* **Provided material**
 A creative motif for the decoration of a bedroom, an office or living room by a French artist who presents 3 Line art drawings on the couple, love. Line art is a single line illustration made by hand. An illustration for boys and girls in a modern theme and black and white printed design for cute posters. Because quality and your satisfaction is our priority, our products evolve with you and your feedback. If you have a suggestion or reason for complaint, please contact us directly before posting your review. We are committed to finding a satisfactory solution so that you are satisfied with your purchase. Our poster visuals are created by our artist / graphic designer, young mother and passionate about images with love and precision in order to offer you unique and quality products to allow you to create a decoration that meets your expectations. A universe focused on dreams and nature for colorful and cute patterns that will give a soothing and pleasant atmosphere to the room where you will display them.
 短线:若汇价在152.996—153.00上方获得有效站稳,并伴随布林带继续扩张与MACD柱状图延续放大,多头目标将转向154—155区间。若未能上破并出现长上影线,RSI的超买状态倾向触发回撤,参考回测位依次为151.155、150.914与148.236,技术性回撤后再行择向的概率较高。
---
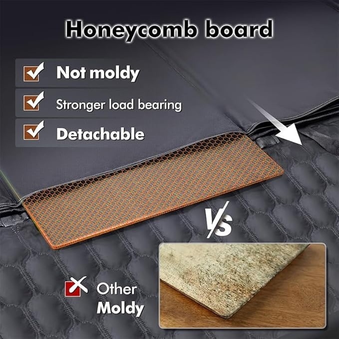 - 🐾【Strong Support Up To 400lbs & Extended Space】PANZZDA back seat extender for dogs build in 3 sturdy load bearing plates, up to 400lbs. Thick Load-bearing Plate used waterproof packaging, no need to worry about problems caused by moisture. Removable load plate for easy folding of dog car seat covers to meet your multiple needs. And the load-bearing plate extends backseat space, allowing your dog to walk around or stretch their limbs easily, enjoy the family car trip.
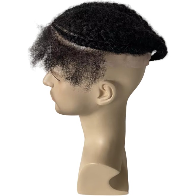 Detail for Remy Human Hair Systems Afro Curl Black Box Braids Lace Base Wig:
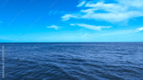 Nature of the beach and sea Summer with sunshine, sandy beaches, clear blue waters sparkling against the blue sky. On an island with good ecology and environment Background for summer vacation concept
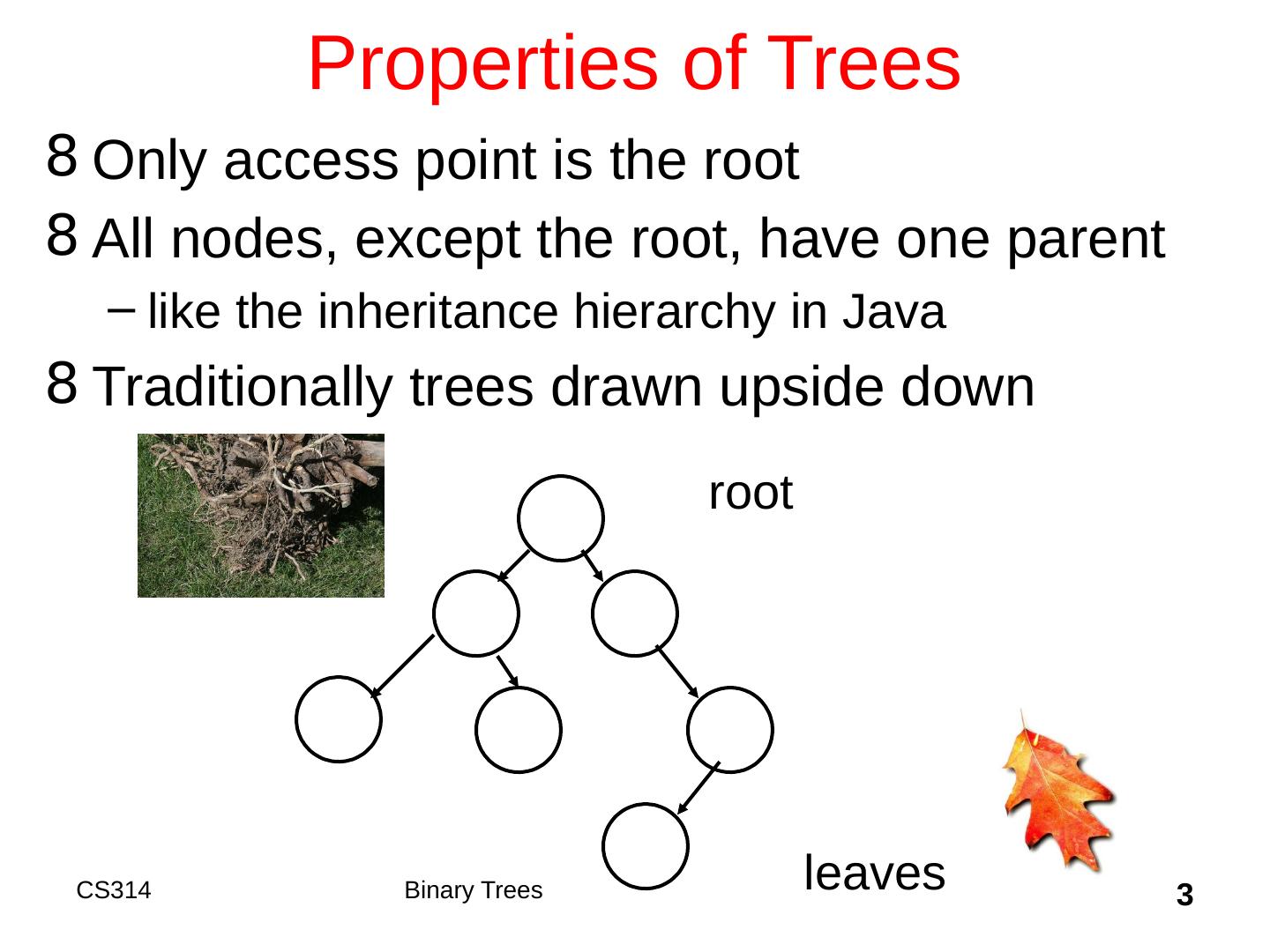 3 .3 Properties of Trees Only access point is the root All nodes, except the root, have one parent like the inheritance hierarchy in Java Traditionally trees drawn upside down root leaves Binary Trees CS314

* **Task prompt**
Print exactly, with no pictures, the lines above from the one that holds "Nature of the" through the one that holds "3 .3 Properties", both of them included.

* **Task answer**
 Nature of the beach and sea Summer with sunshine, sandy beaches, clear blue waters sparkling against the blue sky. On an island with good ecology and environment Background for summer vacation concept
 3 .3 Properties of Trees Only access point is the root All nodes, except the root, have one parent like the inheritance hierarchy in Java Traditionally trees drawn upside down root leaves Binary Trees CS314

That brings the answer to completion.